CONCEPT Cited by 1 source
Authorization decision caching¶
What it is¶
Authorization decision caching stores the Allow / Deny outcome of an authorization check for later reuse, so subsequent requests with the same inputs skip the policy-engine round trip. Most production fine-grained-authz architectures depend on it — AVP / Cedar / OPA evaluation is "millisecond-level" by itself, but authorization is on the hot path of every API call; submillisecond is only reachable via caching.
Typical two-level shape¶
The canonical shape, used by Convera:
- API-Gateway-level authorizer-decision cache. Given a token, the IAM policy returned by the Lambda authorizer is cached keyed by token (or token + route) for a configurable TTL. Subsequent requests from the same principal with the same token hit the cache — no authorizer invocation, no AVP call, no Cognito validation.
- Application-level token cache. The client app caches the Cognito JWT itself so repeat logins don't re-hit Cognito.
Together: "sub-millisecond response times while reducing operational costs and maintaining security controls." (Source: sources/2026-02-05-aws-convera-verified-permissions-fine-grained-authorization)
The cache-key design¶
Cache key granularity determines what you're actually caching:
- Token-keyed. One entry per token. Coarse. Decision changes when the token changes. Used in Convera.
- (Token, route)-keyed. Per-endpoint decision. Finer. Needed when the same token might have different decisions on different endpoints and you want each evaluated independently.
- (Principal, resource, action)-keyed. Finest. Requires the authorizer to extract resource identifiers from the request URL / body before looking up. Most invalidation work, most fidelity.
Cache-invalidation becomes policy-propagation floor¶
A subtle but load-bearing property: the cache TTL becomes the minimum time between a policy change and enforcement. If TTL = 5m and infosec just tightened a policy, it may take 5m before all live tokens see the new policy.
This interacts with concepts/token-enrichment: enriched attributes are pinned for the token lifetime, and cached decisions are pinned for the cache TTL. Layered caches → layered staleness.
What must NOT be cached¶
- Decisions that depend on time-bound context. "Allow only during business hours" — the decision is wrong 10 minutes after the boundary. Either don't cache these, or include the time bucket in the cache key.
- Decisions that depend on live counters. "Allow only under the user's daily transaction limit" — stale cache under-reports usage.
- Decisions shortly after a known policy change. If the invalidation signal exists, flush on change; if not, accept TTL staleness.
Caveats¶
- Security ≠ latency. The cache is a latency tool, not a security tool. A cache that caches "Allow" past a revocation is a security incident. TTLs must be tuned against the policy-change frequency and the severity of late propagation.
- Cache-miss behavior. On miss, fall through to full evaluation. Sizing a cache-miss spike (e.g., after a mass token refresh) is capacity planning for the authorizer.
- Multi-tenant isolation.

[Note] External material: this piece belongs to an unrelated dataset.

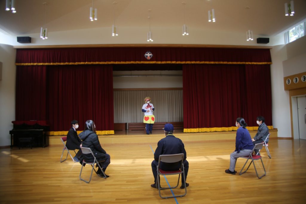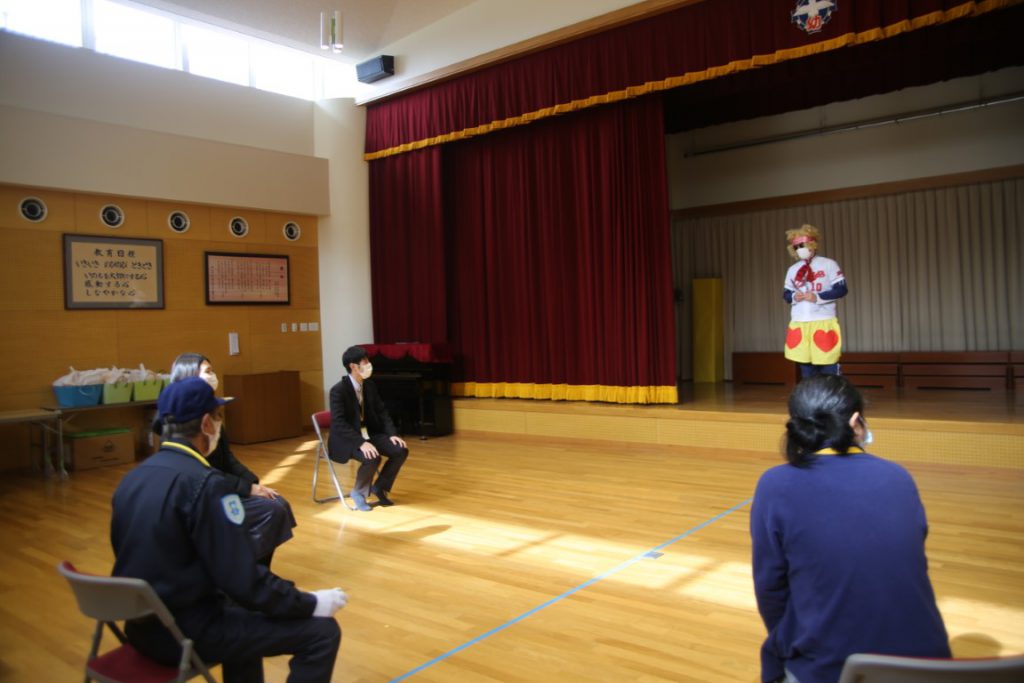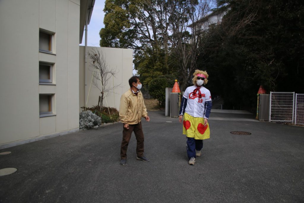 園長が、園内放送で子どもと職員に、

Cache keys in a multi-tenant system must include the tenant dimension; cross-tenant cache hits are a leakage.
Seen in¶
- sources/2026-02-05-aws-convera-verified-permissions-fine-grained-authorization — Convera's two-level cache (API Gateway authorizer-decision + application-level Cognito token) delivers submillisecond latency over AVP's millisecond-level decisions.
Related¶
- concepts/fine-grained-authorization — the per-request overhead caching exists to absorb.
- concepts/token-enrichment — the complementary hot-path optimization; both push cost off the per-request path.
- systems/amazon-api-gateway — built-in authorizer-decision cache.
- patterns/lambda-authorizer — the compute the cache fronts.